In the narrow meaning of the word, norm is the general standard of literary language. One of the most characteristic and essential properties of the norm is its flexibility. A too rigorous following to the norm brands the human language as pedantic, no matter whether it is oral or written speech. But on the other hand, neglect of the norm will always be regarded as an attempt to violate the norm of the language and to slow down the process of communication. At the same time, a free handling of the norms may be regarded as a permissible application of the flexibility of the norm. The extremes are apparent, but border cases are blurred. Thus, “footsteps on the sand of war” (E.E.Cummings) or “below a time” are clearly violations of the accepted norms of word-building or word-combinations.But “silent thunder”, “the ors and ifs” and the like may from one point of view be regarded as a practical application of the principle of flexibility of the norm and from another – as a violation of the semantic and morphological norms of the English language.

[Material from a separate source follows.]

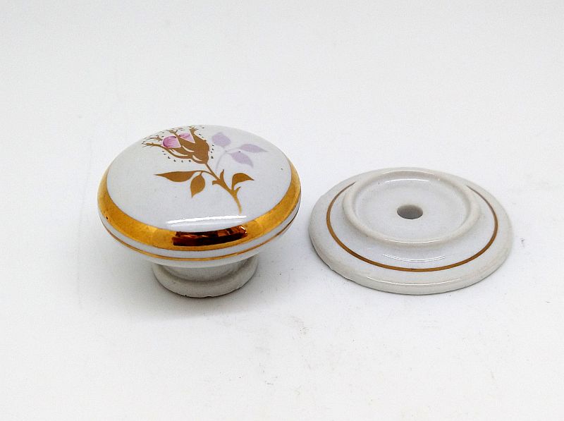 Porcelain wardrobe knob in Chintz Rose and White. Approximately 38mm diameter, 32mm high (with rose), 26mm high (without rose). Can be used with or without the rose.

The norm is the invariant of the phonemic, morphological, lexical and syntactical patterns circulating in language-in-action at a given period of time.

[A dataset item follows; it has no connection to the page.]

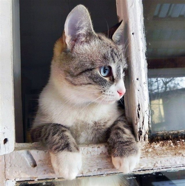 Met mijn pootjes over de rand van het open raam kijk ik de tuin in ... Wat trekt mijn aandacht ? Hoe is het mogelijk dat Woef weer snuffelt op mijn territorium ? Heeft hij de smalle doorgang weer ontdekt ? Daar zou ik een stokje voor moeten steken met de hulp van mijn baasje . Als die weer hondendrolletjes vindt , wordt hij rood van woede . Daarom kijk ik zo graag door het raam !

Variants of these patterns may sometimes diverge from invariant, but they never exceed the limits set by the invariant lest it should become unrecognizable or misleading.
Norm is a set of rules and restraints. Norm is a psychological and social phenomenon (not only a system of signs) A.E.Darbyshire: “The norm is a linguistic abstraction, an idea thought up by linguists and existing only in their minds”.
Norm can become less rigid. The notion of norm always presupposes a recognized or received standard. There is no universally accepted norm of the standard literary language. There are different norms.
The norm is regarded by some linguists as “a regulator which controls a set of variants, the border of variations and also admissible and inadmissible variants” (E.A.Makayev)
Deviation of the norm.
In a modern science there is a new approach to the interpretation of expressive means of literature. The stylistic opposition here is the opposition between the norm and deviation from norm.
Deviation is a stylistic means – it compels attention: for an element to be noticed it has either to be REPEATED or UNPREDICTABLE.
Function of stylistic means is to DRAW ATTENTION. The chain of predictability should be broken.
Some deviations, if they are motivated, may occur here and there in the text. Through constant repetitions such deviations may become legitimate variants of the norm and establish themselves as members of a language system. The system of language gives speakers an opportunity not only to actualize ready elements of the language, but also to create such speech units which don’t exist in language, but potentially possible.
Deviation of a norm can be found on any level.
So the contrast between the traditional significator and situational one is contrast between the simplest and most frequent and the one chosen by an author in this situation.